Exercise brief: Everything in the records must be restated exactly, apart from the pictures.

________________________________________

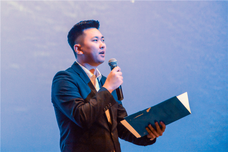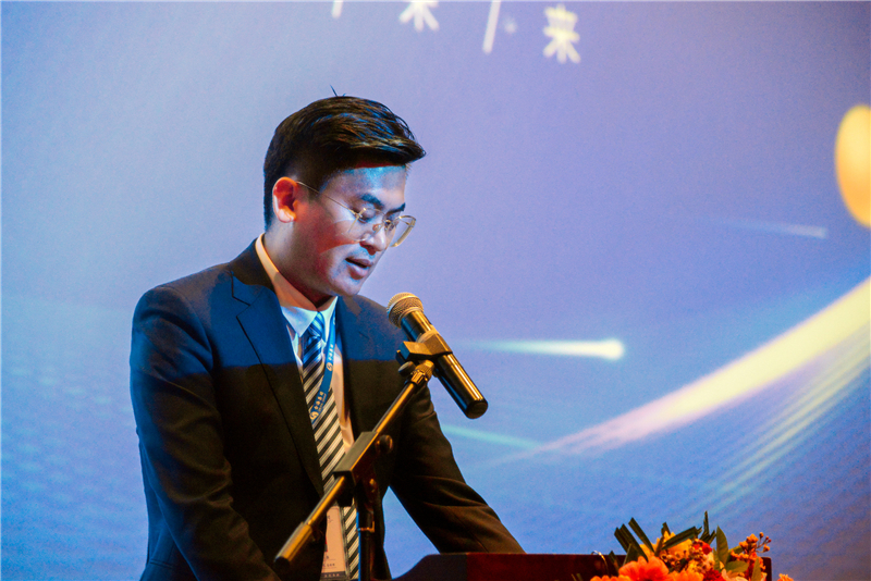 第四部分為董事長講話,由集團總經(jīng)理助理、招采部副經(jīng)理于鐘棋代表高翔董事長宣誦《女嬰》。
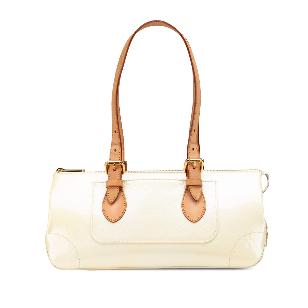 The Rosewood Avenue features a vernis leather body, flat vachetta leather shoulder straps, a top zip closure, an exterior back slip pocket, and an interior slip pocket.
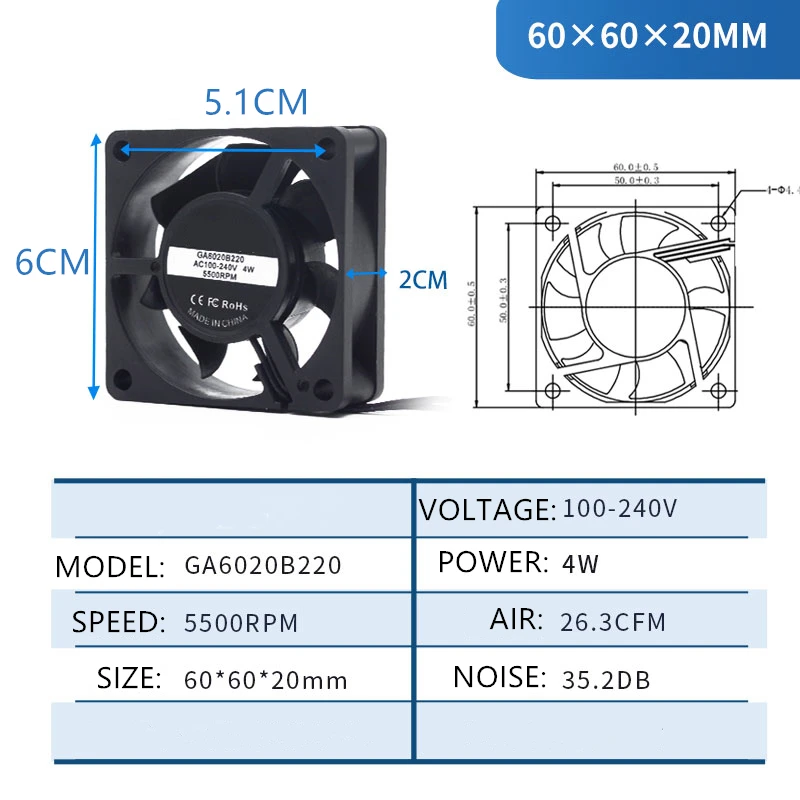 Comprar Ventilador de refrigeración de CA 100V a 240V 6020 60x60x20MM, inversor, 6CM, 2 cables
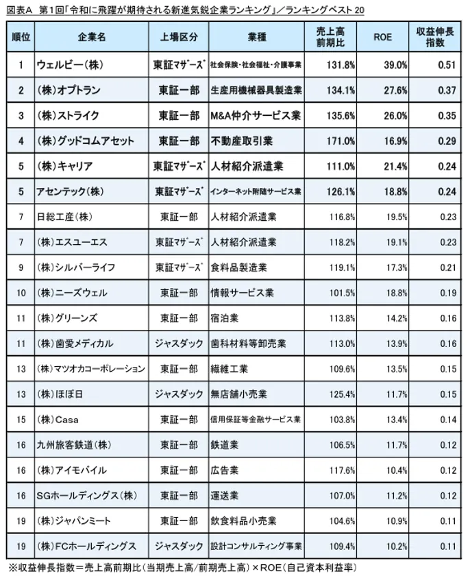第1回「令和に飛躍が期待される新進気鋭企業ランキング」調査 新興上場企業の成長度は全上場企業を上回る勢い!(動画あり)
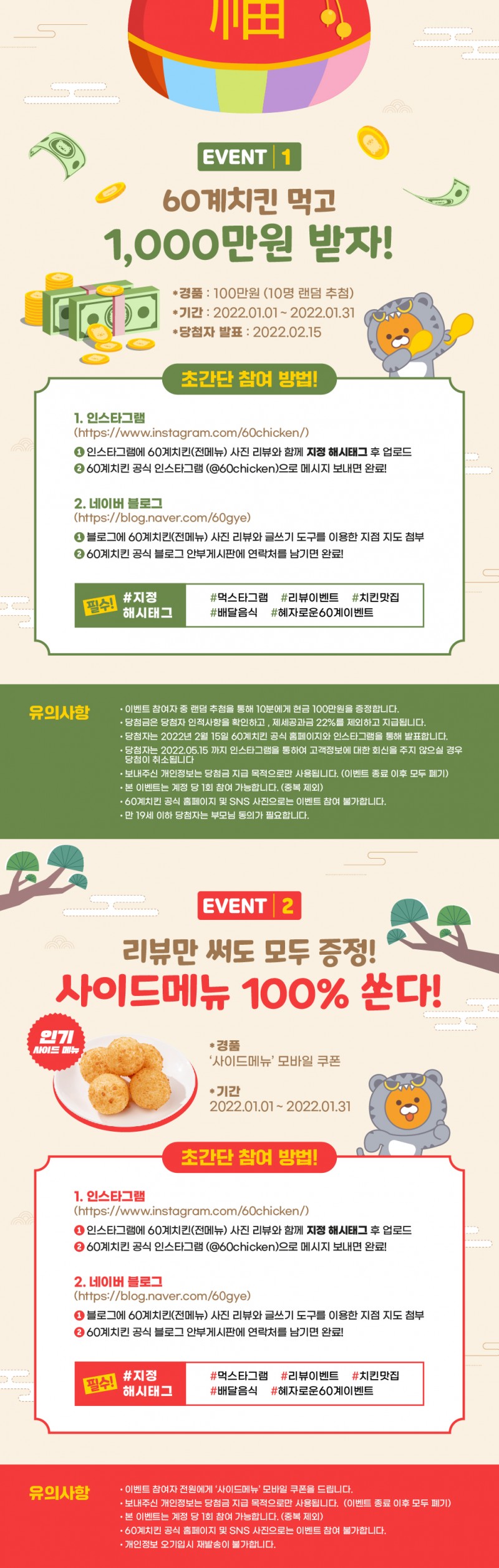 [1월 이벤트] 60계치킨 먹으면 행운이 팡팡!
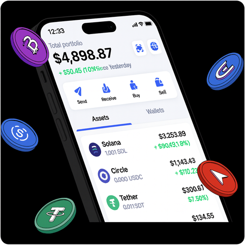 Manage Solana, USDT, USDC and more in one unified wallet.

________________________________________

Expected answer:
 第四部分為董事長講話,由集團總經(jīng)理助理、招采部副經(jīng)理于鐘棋代表高翔董事長宣誦《女嬰》。
 The Rosewood Avenue features a vernis leather body, flat vachetta leather shoulder straps, a top zip closure, an exterior back slip pocket, and an interior slip pocket.
 Comprar Ventilador de refrigeración de CA 100V a 240V 6020 60x60x20MM, inversor, 6CM, 2 cables
第1回「令和に飛躍が期待される新進気鋭企業ランキング」調査 新興上場企業の成長度は全上場企業を上回る勢い!(動画あり)
 [1월 이벤트] 60계치킨 먹으면 행운이 팡팡!
 Manage Solana, USDT, USDC and more in one unified wallet.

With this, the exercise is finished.